Daily Joke: A Woman Asks Priest to Sneak Something through Customs for Her
A young lady requested a priest to help her sneak a gadget through the authorities at the airport, to avoid getting caught.
In the course of a flight trip, the woman engaged in a conversation with the warm priest who sat quietly beside her.
She courteously asked the man for a favor, which he obliged. The woman begged the spiritual leader to help her carry a hair remover gadget which she purchased at a high price.
She explained that it could be seized at the checkpoints since she had exceeded the declaration limit. After a little bit of persuasion from the lady, the priest decided to help but truthfully told her that as a spiritual head, he would never lie.
As they touched down at the airport, the priest proceeded to the customs officials who asked him if he had any contraband to declare. At this point, the godly man explained that from his head to his sash, he was clean.
One of the puzzled customs workers then asked if he was clean from his sash and beyond. Since the man is a man of his words and would not consider lying irrespective of the situation he is in, the priest humbly responded:
"I have there a marvelous little instrument designed for use by women, but which has never been used."
Without wasting time, the officer released the man who gave a hilarious response and caused him to laugh his way through the continuous search.
Here is another funny custom experience between a French and an Octogenarian. At the checkpoint in France, an 83-year-old Canadian fumbled with his bag to get out his passport.
This caused the customs officer to ask in sarcasm if it was his first time in the country. Being a war veteran, the older adult quipped that he had been to the country before.
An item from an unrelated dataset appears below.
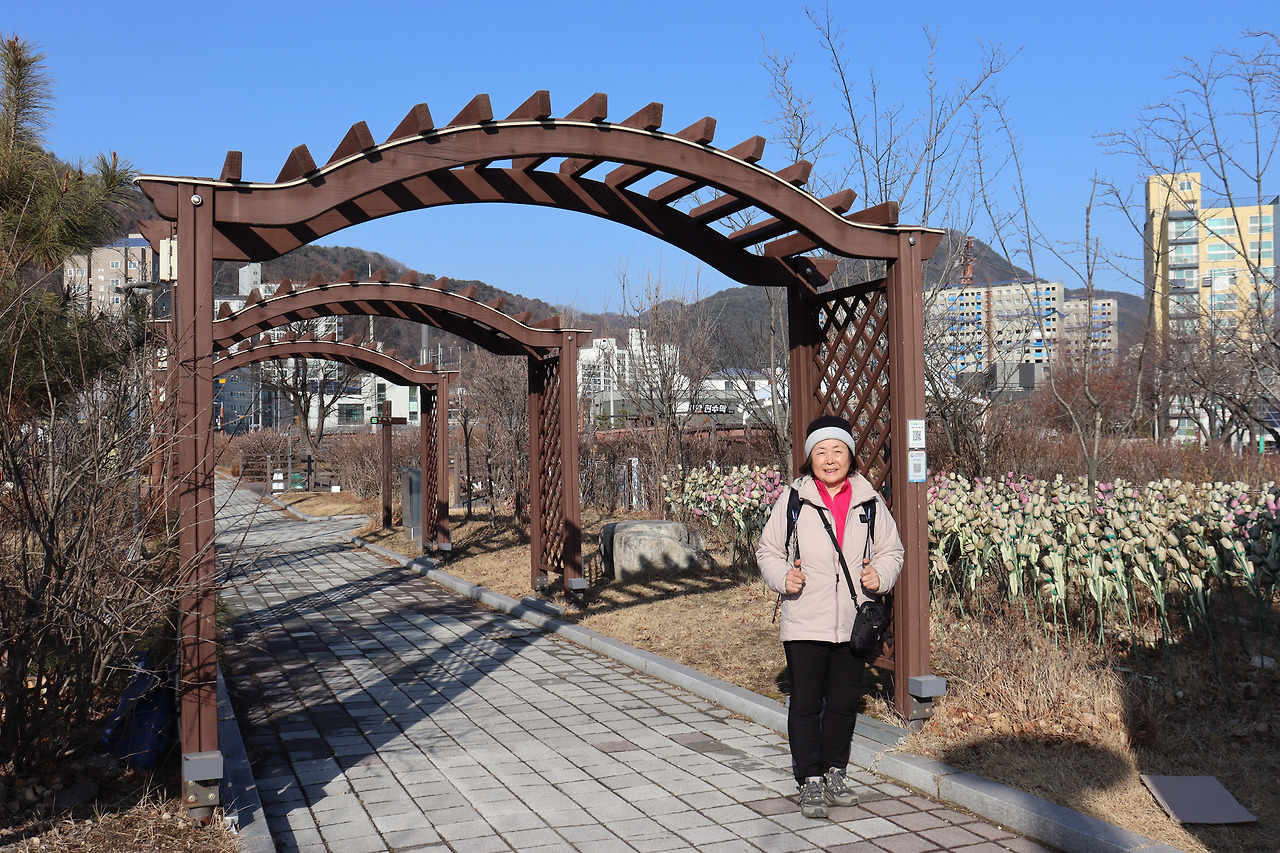 ▼ 14 : 38. 중앙공원에 이르면서 트레킹이 종료된다. 완주 인증 QR코드는 공원 문설주에 붙어있다. 오늘은 17.78km를 4시간 20분에 걸었다. 출발 지점인 논장교에서부터의 거리에다 물빛테마공원을 다녀온 거리와 시간을 더했다.

This answer didn't quite satisfy the customs worker who went on to say that he should have known that it was a norm to have a travel passport in hand at checkpoints.
The war hero felt a need to assert himself by explaining that the last time he was in France, it was a different ball game.
So he replied, "Well, when I came ashore at Juno Beach on D Day in 1944 to help liberate this country, I couldn't find any Frenchman to show it to."
Who says people find it difficult to give epic responses even after a long air flight?